Look at the 6L6G data sheet. The 19 W. plate dissipation limit is design center. You can safely go as high a 20 W., without trouble. Don't simultaneously "push the envelope" of both max. dissipation and anode voltage.

Also, keep the fact that g2 makes a contribution to power O/P, when UL mode is employed, in mind.
 
Questions about the Simple SE board: What's the biggest (diameter) capacitor that can fit at C1 and C2? Mouser obsoleted the part suggested on the TubeLab parts list (C1) and there is no Mouser suggested part for C2.

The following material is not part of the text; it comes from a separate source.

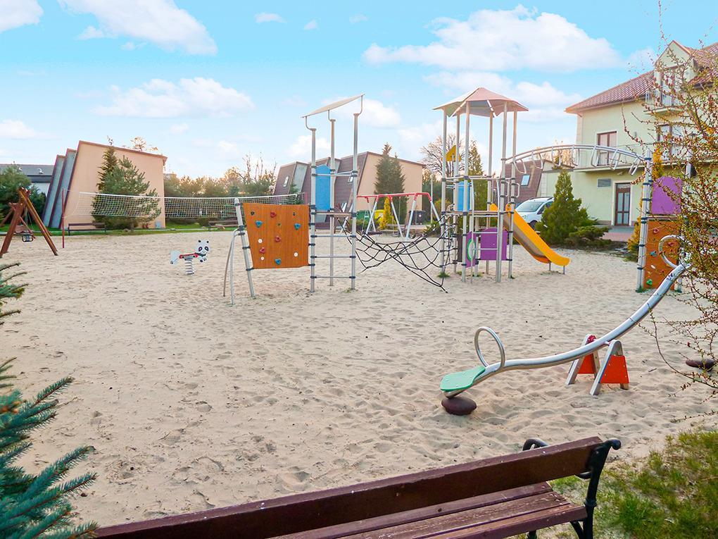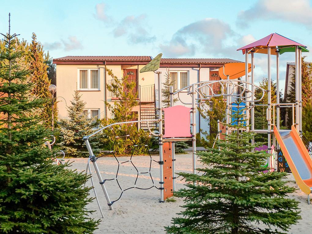 In der Anlage: Rezeption. Restaurant. Hotelhallenbad mit Whirlpool, Sauna, Dampfbad, Fitnessraum, Spielzimmer mit Kletterwald, Bällebad, Spielzeug (im Mietpreis inklusiv). Vielseitiges Angebot an Beautyanwendungen. Großer Kinderspielplatz mit Rutschen, Sandkasten, Schaukeln, Wippen, Volleyballfeld. Lagerfeuerstelle. Grillplatz zur gemeinschaftlichen Nutzung. Pkw-Stellplätze auf umzäuntem, bewachtem Parkplatz (Gebühr).

Could I use these Mouser parts? They seem kinda expensive, though.

647-UPW2W470MRD
647-UPW2W101MRD
 
SE 6L6G Amp

BTW I just love my SE 6L6G amp.
I use the Tungsol Re-Issue 6L6G
which is a 6L6GC in a coke bottle glass.
I also use the Genelex Re-Issue KT66
both are great but different sounding.
My voltages are too high for your use.
I drive mine with Mullard 6P5GTs with
an unbypassed cathode resistor.
Choke loaded and grid choke for 6L6G.
LCLC filter and 5V4GT rectifier.
Silk 5K OPT and TVC input.

DanL
 
Ty,

I've got an assembly idea. :D You have discrete rectifiers on each side of the full wave CT PSU. IMO, you will have fewer headaches mounting the pair of 6X5s close to, but off of, the PCB. Ground all 4 6X5 anodes. Connect a 6X5 cathode to each end of the 600 VCT. Take the "raw" B+ from the CT of the rectifier winding. Now, you have a single line to the PSU filter and the space the 5AR4 socket usually goes into can be occupied by filter capacitance.
 
Like this?



I like it. I had already figured the pair of 6X5 had to be mounted off the board anyway. I'm trying to figure out how to make the chassis mount rectifiers and the PC mount power tubes "look" right in the finished amp, but then again I've never been much of one to worry about the final cosmetics.

Do you think the 600VCT transformer is the right size to get about 350 VDC, 55 mA per tube (110 mA total)?